History of Petroleum - an early reference to the Flintshire oil industry, 1865
type: Beyond Scotland - Wales
The trade in mineral oil is the hope of North Wales. The discovery of cannel coal near Chester has already given a wonderful impulse to mining enterprise, and the success of the American oil works at Saltney has been so great, that, now that the patent has expired, huge petroleum works are in course of erection in various parts of the Welsh coal mining districts. We have had an eloquent Chancellor of the Exchequer dilating upon the inestimable benefits which may result to Chester and North Wales from the anticipated discovery of cannel coal in regions heretofore unexplored by the miner's pick or boring-rod. We have had a scientific lecturer expressing; the confident expectation that, in a few years more, coal and cannel will be raised from the waste land now scoured every day by the tidal waters of the Dee. We have heard it said that cannel is to coal what gold is to iron, and we find that a substance which a few years ago was put aside as useless, is now looked upon as the most valuable product of Flintshire.
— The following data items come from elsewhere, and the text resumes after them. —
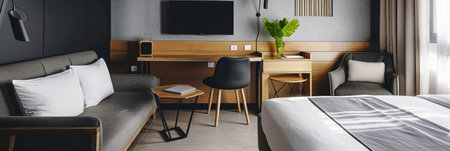 Interior of hotel room with sofa and armchairs. 3D rendering
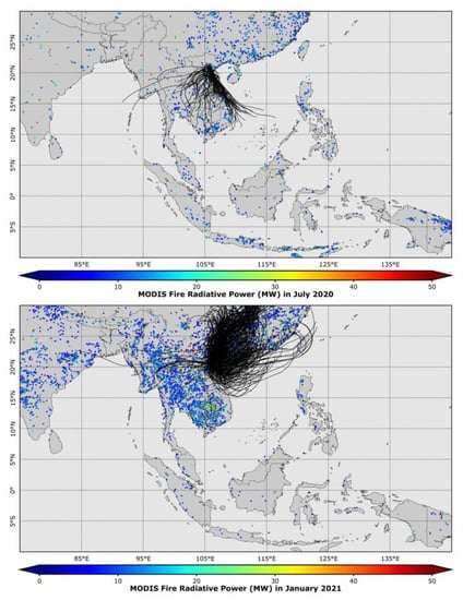 MODIS cumulative fire radiative power over the Southeast Asian region and three-day air mass backward trajectories (indicated by the black curves) arrived at the sampling site in Hanoi during the summer period (July 2020) and winter period (January 2021).
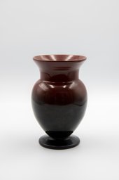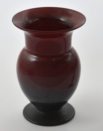 Ce modèle de vase (144) fut créé à une période précoce de la Verrerie artistique (1930-1964). Les sources dont nous disposons sont des catalogues de la Verrerie de St-Prex, certains inédits, tels que les albums noirs munis de photographies de vases, vraisemblablement utilisés par les représentants de 1931 à 1935, où ce modèle porte le no 165 (H 23-43 cm). Il est disponible en verre vert, émaillé noir, rouge, et argenté craquelé (Verreries de St-Prex, 1931). Ce modèle fait également partie de l’offre du premier catalogue de vente imprimé de 1935 (Verreries de St-Prex, 1935, no 144, 2, 12, et 16), où ce vase est décliné en verre vert, or lustré et en noir.
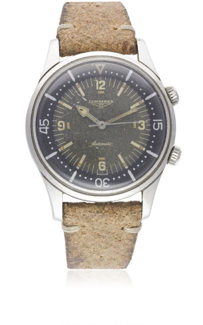 A VERY RARE GENTLEMAN'S STAINLESS STEEL LONGINES DIVERS WRIST WATCHCIRCA 1962, REF. 7042-3 WITH "TROPICAL" DIALMovement: 24J, automatic, cal. 19.AS, signed Longines, numbered.Case: Diameter approx. 42mm, screw back, signed Longines, numbered, spear diver embossed on case back, anti-slip crowns. Strap: Distressed leather. CONDITION REPORTDial: Original dial in very good "tropical" condition.Movement: Working at present.Case: In excellent condition, with some small scratches due to general use.Strap/Bracelet: New.
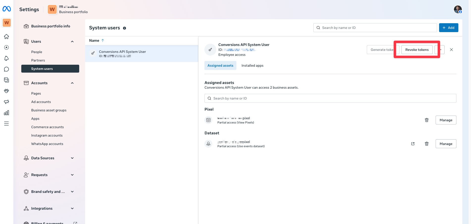 You should see the Conversions API System User in the list. Click on it, and in the user details you’ll see the “Revoke tokens” button:
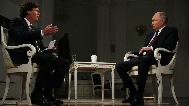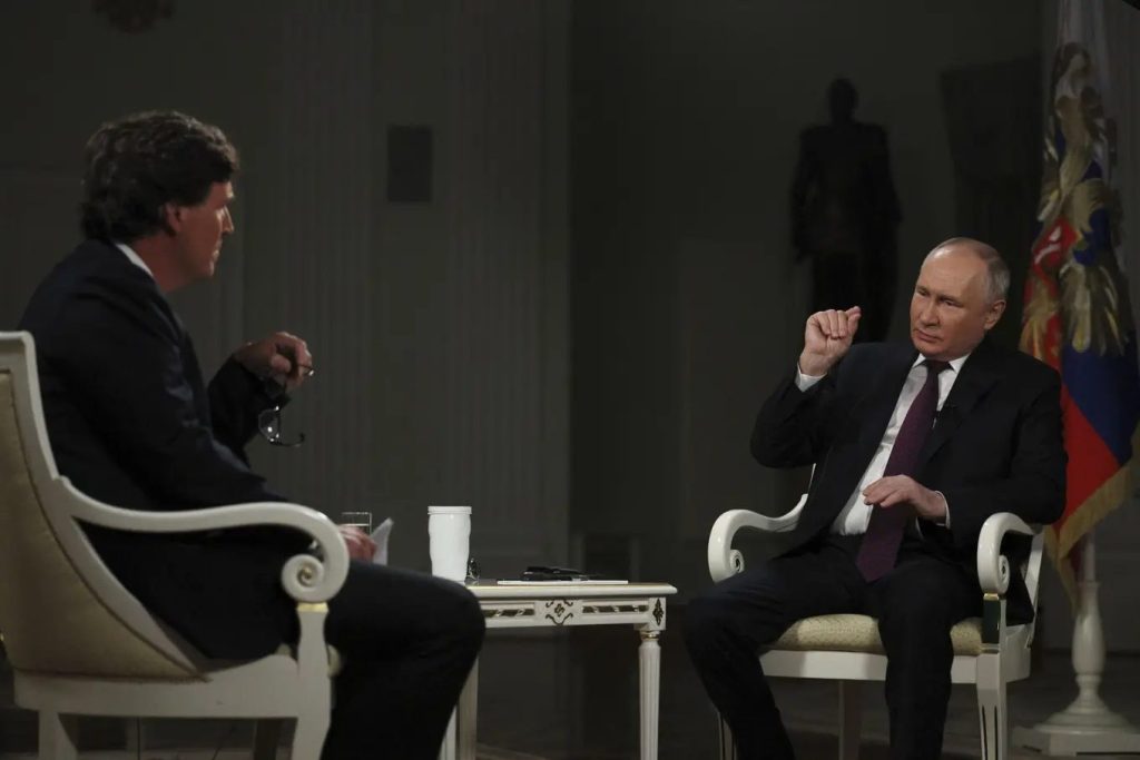 Tucker Carlson interviewed Putin in Russia, and the interview is available for viewing at tuckercarlson.com, focusing on the conflict in Ukraine.
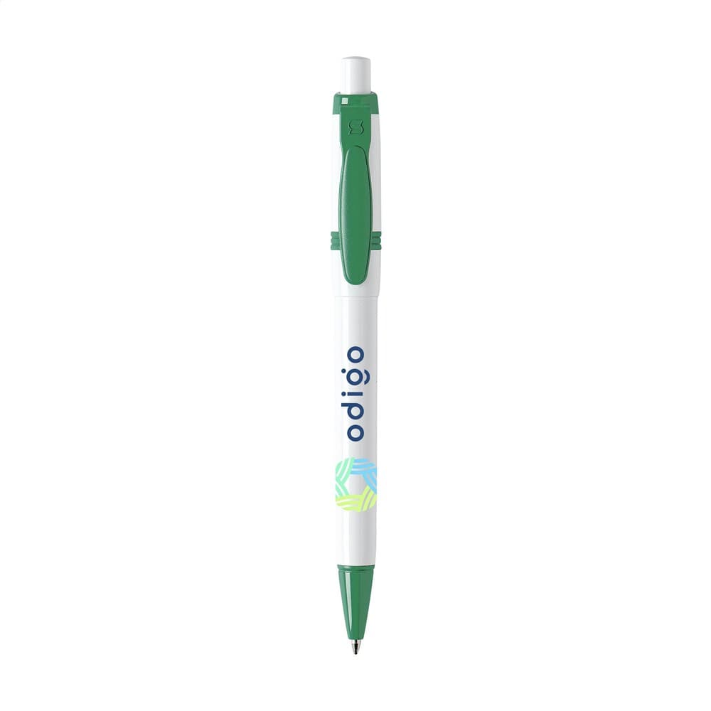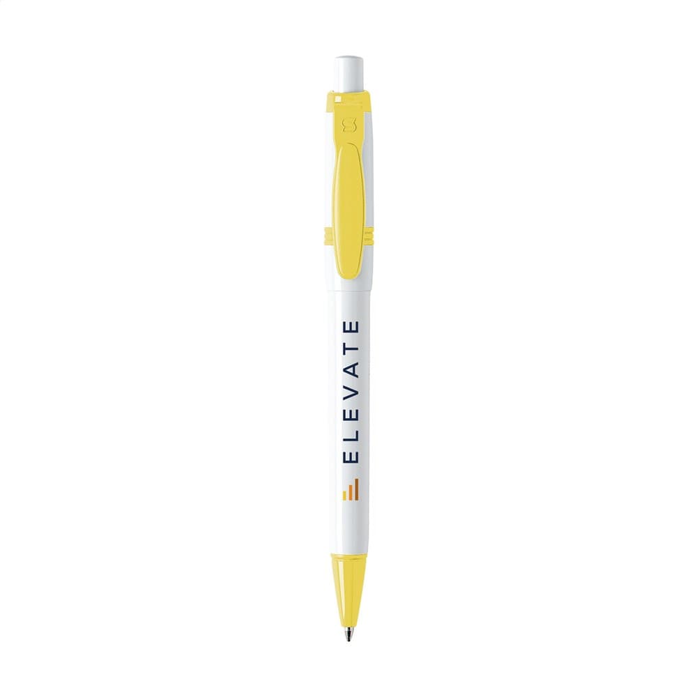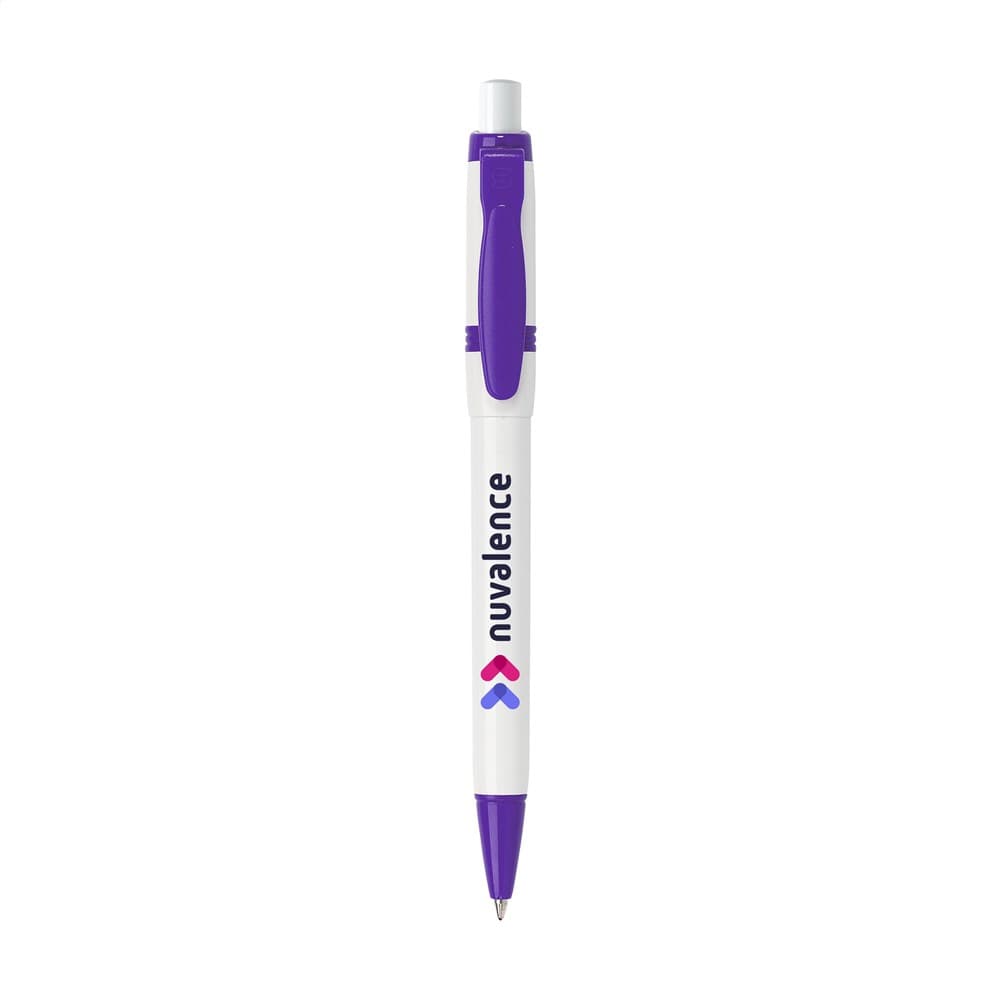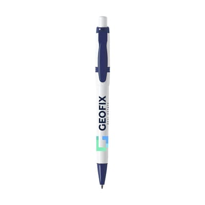 Blauwschrijvende balpen van het merk Stilolinea®. Met gekleurde clip en puntstuk. Made in Italy.
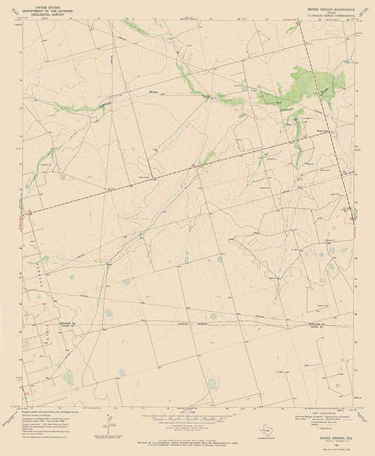 Benge Corner Texas Quad - USGS 1968 White Modern Wood Framed Art Print with Double Matting by USGS
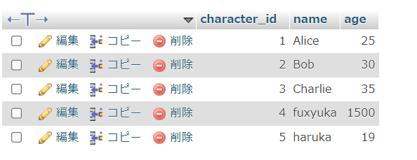 とりあえずcharactersテーブルの中身を見てみましょう。
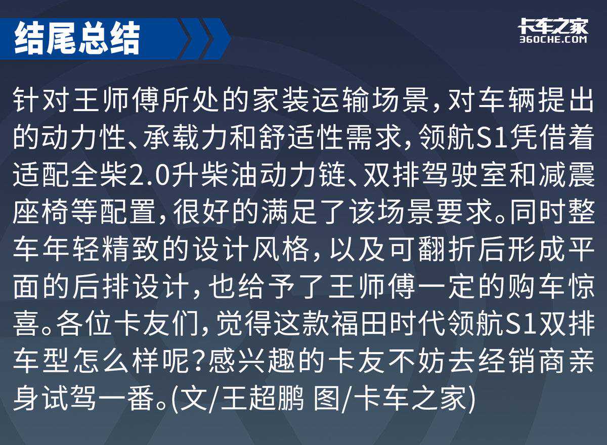 可见王师傅的家装运输场景,以及他个人对即将要换购的双排轻卡,在整车设计、承载力、动力性和舒适性方面,提出了诸多用车需求。下面让我们带着这些需求,来看看福田时代领航S1双排轻卡匹配如何,能不能满足王师傅的用车场景需求。
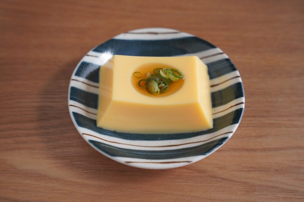もう一品の小鉢は、開けるだけで食べられる卵豆腐。

The manufacture of oil from cannel has proved a great success, but Flintshire has an immense competitor in America. By the discovery of the oil-springs of Pennsylvania, a new trade has been suddenly created, and a new source of enterprise opened to capitalists. In two or three years the mineral-oil trade in America has reached enormous proportions, fairly putting into the shade the humble but increasing manufacture of oil in the neighbourhood of Chester. A sketch of the discovery and history of mineral oil cannot fail to be interesting to us who are so intimately connected with the prosperity of the oil manufacture. Hitherto patent rights have trammelled private enterprise, but now that the manufacture is open to all, we are likely to see a great start made. In America vast undertakings have resulted from the discovery of petroleum, and it is not unreasonable to expect that the discovery of cannel coal will benefit the district surrounding Chester in a corresponding degree. We have before us two remarkable pamphlets, reprints of articles which have attracted great attention on the other side of the Atlantic.
The first describes the most wonderful natural phenomenon that has been brought to light in modern times, and its present bearing on an important commercial enterprise. The second of endeavours to foreshadow the probable future of that enterprise, and its development into the largest and most important engineering undertaking the age is likely to produce, Both pamphlets are of a nature to demand notice, and we scarcely know which to consider the more interesting of the two— that which relates to what are now accomplished facts, bringing forth rich fruit, or that which suggests further results to which those facts naturally give birth. The surprise which we are first excited by the discovery in America of the existence of vast quantities of oil in the bosom of the earth, and the manner in which this oil might be procured and turned to the most useful purposes, has now subsided. The world had long been acquainted with mineral oil— so long that history does not go back to a period when its existence was unknown.
Herodotus, the " father of history," mentions that this oil was extensively used in the construction of the walls and towers of Babylon. Traces of it are said to have been found among the ruins of Nineyeh. The oil springs of Is, situated on a tributary of the Euphrates, attracted the attention of Alexander, and are still in existence. On one of the lonian Islands there is an oil spring, which has been flowing for 2,000 years. And the oil springs of Rangoon, in the Burman Empire, have been worked for ages, and now yield annually 400,000 hogsheads. In America, the Indians had long been aware of the existence of mineral oil The Seneca tribe are said to have used it for medicinal purposes, and the remains of the Indian pits or wells are still found in some parts of the country. The white people soon learnt that it was to be found in the soil, but they appear to have considered its existence rather a nuisance than otherwise. We believe that the discovery of the vast quantities in which it might be obtained, and its great utility as an illuminating agent, was entirely due, in the first instance, to what is termed accident— that favourite mode which Heaven adopts to point out to man the resources stored up for him in the world which he inhabits.
Boring for water, a Pennsylvanian struck upon a huge subterranean reservoir of oil, which welled up and flowed so freely that it speedily covered the ground for a considerable distance. A light thoughtlessly applied to the liquid caused a conflagration, which it required the utmost exertions of the people of the neighbourhood to subdue. But when this was extinguished, the oil still flowed, and it continued to bubble forth at the rate of 1000 gallons per day. This discovery was the precursor of many others of a similar nature- A large extent of country was found to be completely saturated with oil, and the earth, when tapped, yielded it in abundance. Speculators and capitalists were drawn in numbers to this wonderful region, and soon began to reap a rich harvest. Such was the origin of the American oil trade, which has now assumed gigantic proportions.